## WHAT YOU ARE ASKED TO DO:
Within the entries below, output exactly the lines between the line containing "简漾调料盒厨房玻璃盐糖佐品收纳瓶子组合套装家用防潮密封味精罐 米色(单只装/带勺) 食品级选材-250ml大容量" and the line containing "- Продумайте место", inclusive, and omit any picture.

## RECORDS FOR PROCESSING:
◇ ◇ ◇ ◇ ◇ ◇ ◇
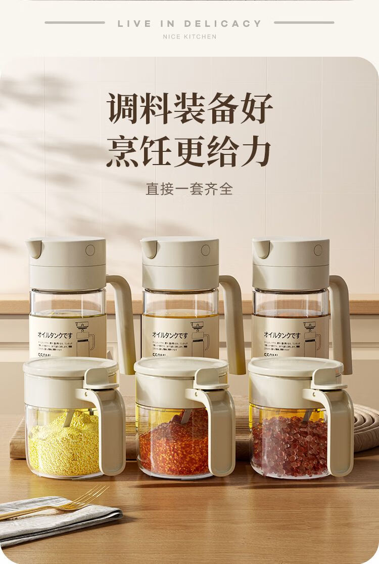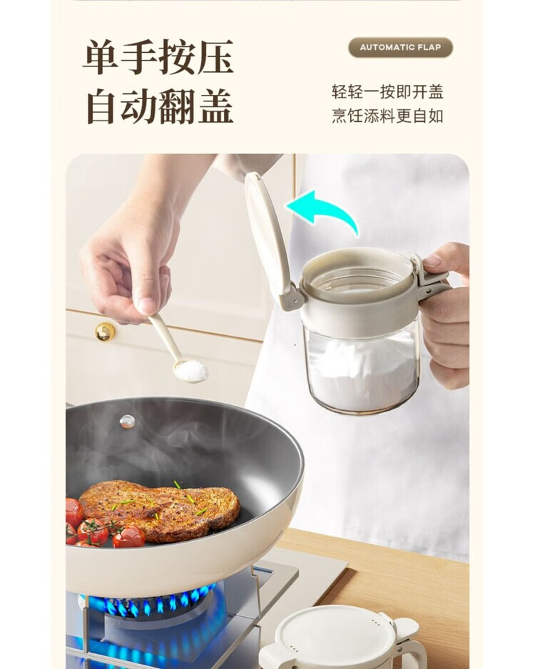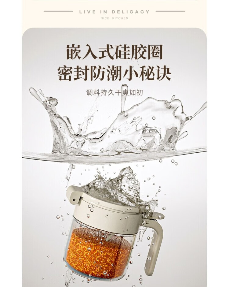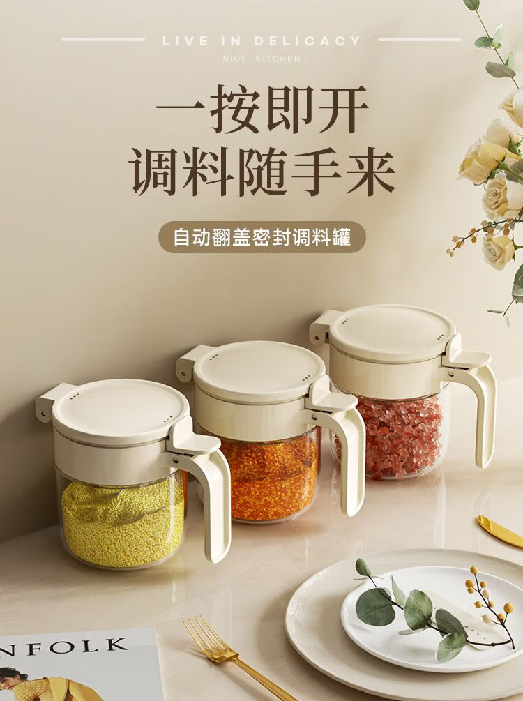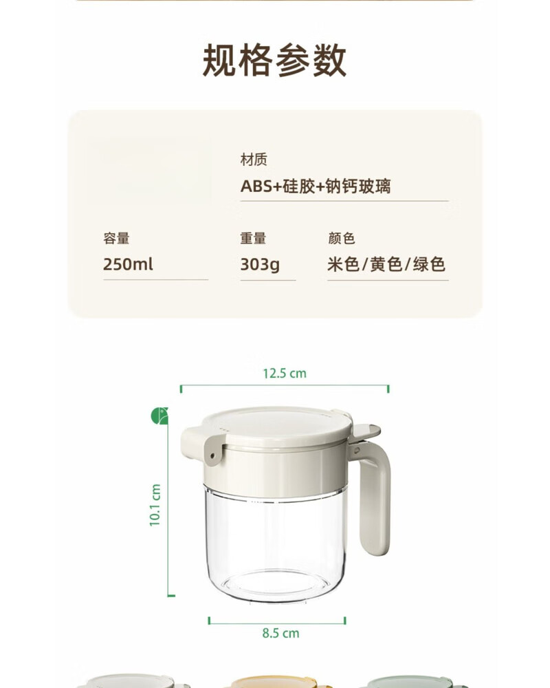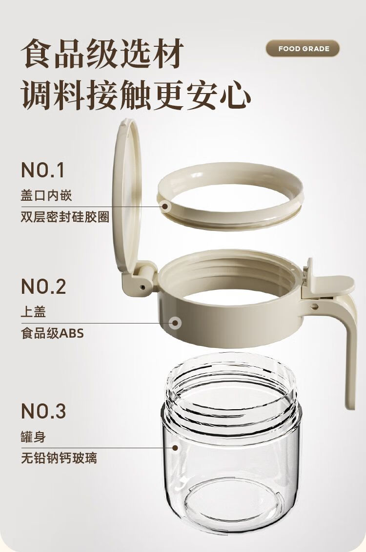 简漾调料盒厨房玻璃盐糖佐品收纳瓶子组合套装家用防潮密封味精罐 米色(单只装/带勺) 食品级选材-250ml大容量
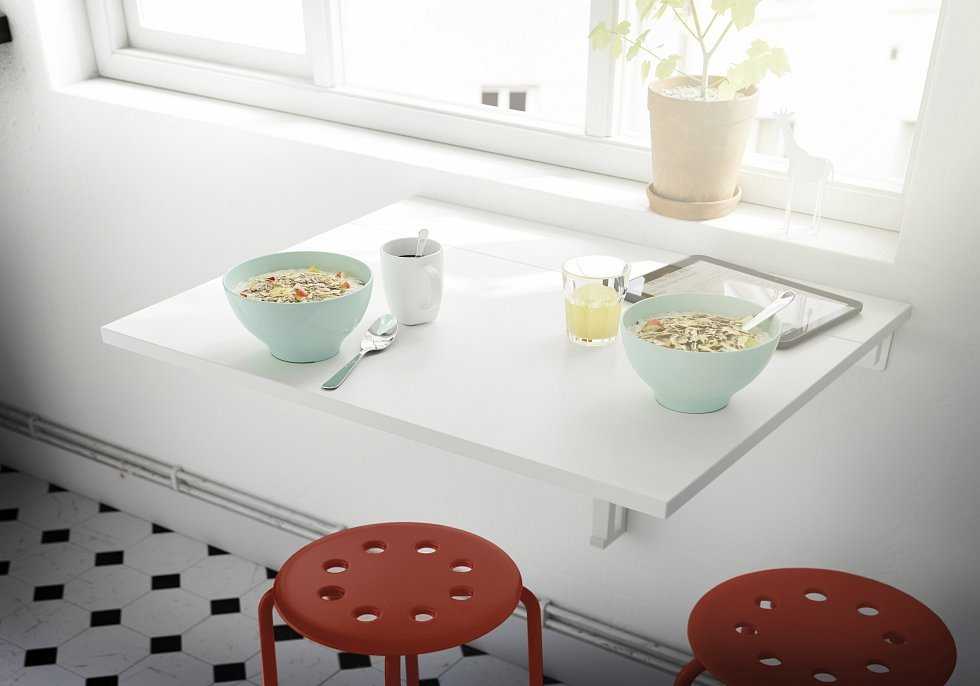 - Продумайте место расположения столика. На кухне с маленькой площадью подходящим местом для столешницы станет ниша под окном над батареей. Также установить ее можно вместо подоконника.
◇ ◇ ◇ ◇ ◇ ◇ ◇
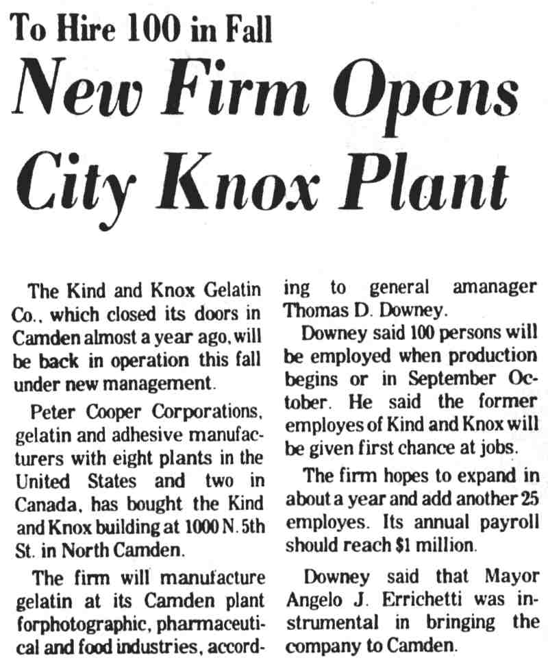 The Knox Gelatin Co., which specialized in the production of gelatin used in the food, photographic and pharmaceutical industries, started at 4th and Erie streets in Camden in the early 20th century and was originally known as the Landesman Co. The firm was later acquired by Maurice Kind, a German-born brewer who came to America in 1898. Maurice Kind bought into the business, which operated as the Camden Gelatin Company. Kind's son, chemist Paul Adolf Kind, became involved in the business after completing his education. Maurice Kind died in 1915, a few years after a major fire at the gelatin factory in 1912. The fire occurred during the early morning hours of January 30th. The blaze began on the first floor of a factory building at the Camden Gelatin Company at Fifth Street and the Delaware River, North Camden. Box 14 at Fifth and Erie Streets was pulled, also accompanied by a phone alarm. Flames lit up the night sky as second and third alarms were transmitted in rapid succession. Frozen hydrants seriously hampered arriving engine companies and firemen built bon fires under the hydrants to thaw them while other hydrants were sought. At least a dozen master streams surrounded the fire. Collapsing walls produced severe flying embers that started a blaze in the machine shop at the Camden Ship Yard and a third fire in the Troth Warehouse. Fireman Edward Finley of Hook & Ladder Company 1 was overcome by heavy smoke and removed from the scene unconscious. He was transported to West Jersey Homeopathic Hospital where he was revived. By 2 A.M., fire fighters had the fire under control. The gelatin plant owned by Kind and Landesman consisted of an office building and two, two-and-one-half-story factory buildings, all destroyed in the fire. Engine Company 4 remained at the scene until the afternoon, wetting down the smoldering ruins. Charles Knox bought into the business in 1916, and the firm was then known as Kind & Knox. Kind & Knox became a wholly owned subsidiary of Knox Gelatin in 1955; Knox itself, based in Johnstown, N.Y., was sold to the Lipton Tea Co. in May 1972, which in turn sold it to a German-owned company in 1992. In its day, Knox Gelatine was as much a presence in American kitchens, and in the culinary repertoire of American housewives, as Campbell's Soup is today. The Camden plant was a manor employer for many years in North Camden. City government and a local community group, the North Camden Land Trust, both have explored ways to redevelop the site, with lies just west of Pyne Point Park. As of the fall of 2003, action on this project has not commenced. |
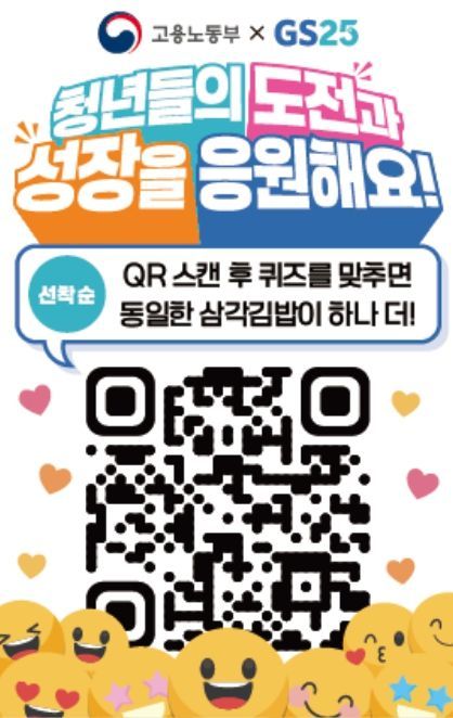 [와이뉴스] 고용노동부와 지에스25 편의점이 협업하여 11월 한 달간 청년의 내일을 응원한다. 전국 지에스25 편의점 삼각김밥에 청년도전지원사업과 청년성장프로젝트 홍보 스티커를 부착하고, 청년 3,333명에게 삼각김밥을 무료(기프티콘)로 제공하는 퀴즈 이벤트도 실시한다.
◇ ◇ ◇ ◇ ◇ ◇ ◇
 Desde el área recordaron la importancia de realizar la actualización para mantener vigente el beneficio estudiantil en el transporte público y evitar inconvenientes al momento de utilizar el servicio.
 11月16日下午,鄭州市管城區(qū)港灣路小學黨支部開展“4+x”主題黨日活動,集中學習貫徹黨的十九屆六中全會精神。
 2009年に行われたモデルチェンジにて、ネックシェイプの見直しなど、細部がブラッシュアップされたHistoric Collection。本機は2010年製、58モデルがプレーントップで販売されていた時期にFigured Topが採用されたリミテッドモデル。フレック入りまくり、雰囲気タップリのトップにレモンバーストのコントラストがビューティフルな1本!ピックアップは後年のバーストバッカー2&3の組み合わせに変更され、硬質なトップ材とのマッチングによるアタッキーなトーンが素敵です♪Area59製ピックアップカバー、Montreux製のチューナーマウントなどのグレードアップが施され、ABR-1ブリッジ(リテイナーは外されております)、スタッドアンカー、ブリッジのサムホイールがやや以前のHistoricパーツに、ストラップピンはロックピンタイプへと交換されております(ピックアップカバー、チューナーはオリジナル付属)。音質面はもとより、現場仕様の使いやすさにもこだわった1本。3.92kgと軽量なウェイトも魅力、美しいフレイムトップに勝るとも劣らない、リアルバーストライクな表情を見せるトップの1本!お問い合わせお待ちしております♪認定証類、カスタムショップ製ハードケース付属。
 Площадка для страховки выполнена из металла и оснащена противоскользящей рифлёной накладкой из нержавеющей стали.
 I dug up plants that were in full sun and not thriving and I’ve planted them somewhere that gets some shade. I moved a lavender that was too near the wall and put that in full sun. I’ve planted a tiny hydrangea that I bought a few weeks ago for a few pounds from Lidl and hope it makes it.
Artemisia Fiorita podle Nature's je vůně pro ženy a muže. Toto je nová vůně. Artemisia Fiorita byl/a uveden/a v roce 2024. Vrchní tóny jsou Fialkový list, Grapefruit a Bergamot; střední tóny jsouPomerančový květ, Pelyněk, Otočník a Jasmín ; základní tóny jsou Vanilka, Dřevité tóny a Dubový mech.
◇ ◇ ◇ ◇ ◇ ◇ ◇
## RESPONSE AREA:
 简漾调料盒厨房玻璃盐糖佐品收纳瓶子组合套装家用防潮密封味精罐 米色(单只装/带勺) 食品级选材-250ml大容量
 - Продумайте место расположения столика. На кухне с маленькой площадью подходящим местом для столешницы станет ниша под окном над батареей. Также установить ее можно вместо подоконника.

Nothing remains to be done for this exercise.